Quality assurance and contamination prevention are effective ways to increase product quality and productivity. Workers learn precisely what they must do and when without compromising actual workflows or products.
Qualities of a Good Food Quality Control System
Quality is not simply one phase in the manufacturing process. It encompasses the entire process, including product creation, development, production and distribution. A properly developed procedure that accommodates production challenges is required. To ensure product quality, proactive and reactive measures should be implemented.
- Preventive Quality Control. Proactive (preventive) production methods should be implemented based on prior mistakes or industry knowledge.
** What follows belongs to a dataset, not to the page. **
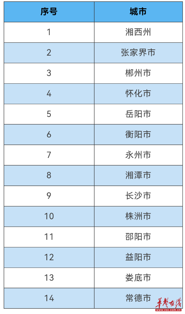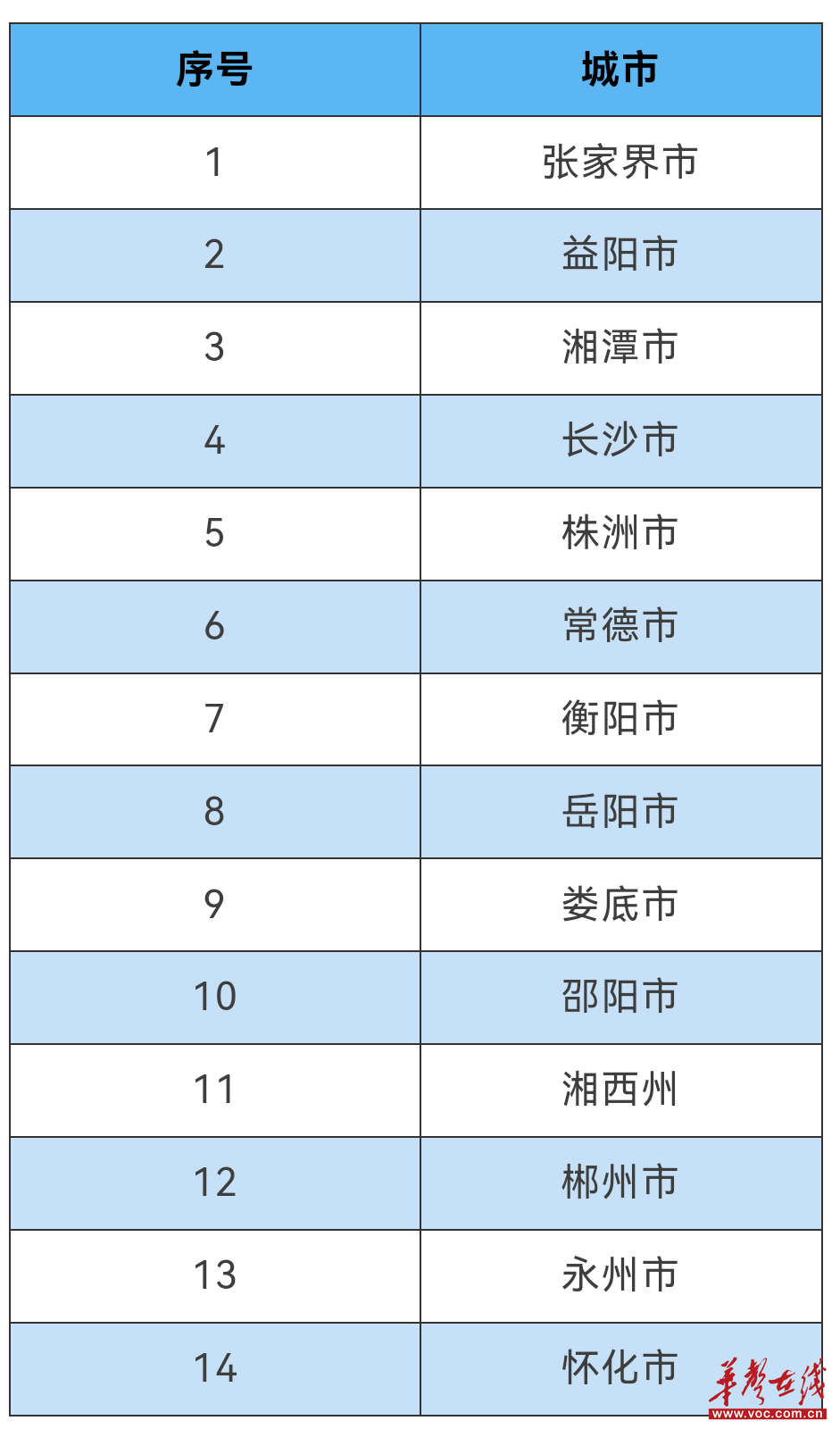 按PM₂.₅浓度同比变化,从好到差依次为:张家界市、益阳市、湘潭市、长沙市、株洲市、常德市、衡阳市、岳阳市、娄底市、邵阳市、湘西州、郴州市、永州市、怀化市。

Also, frequently inspecting tool safety is part of routine machine inspection. While identifying flaws is the actual goal of quality control, minimizing defects and improving overall product quality begins with proactive solutions.
- Reactive Quality Control. Even with foolproof prevention, failures may occur on every factory floor. To promptly address quality issues, proactive measures must be planned ahead of time. Depending on the operator and facility response time, the product might be scrapped or fixed. The data gathered from these concerns can be used to develop future proactive quality control systems.
The food business landscape is now more competitive than ever. Differentiating yourself by greater product quality is vital for all food manufacturers, especially SMMs. Improving your systems can not only save you money and reduce waste, but it can also encourage purchases and repeat business from more affluent customers.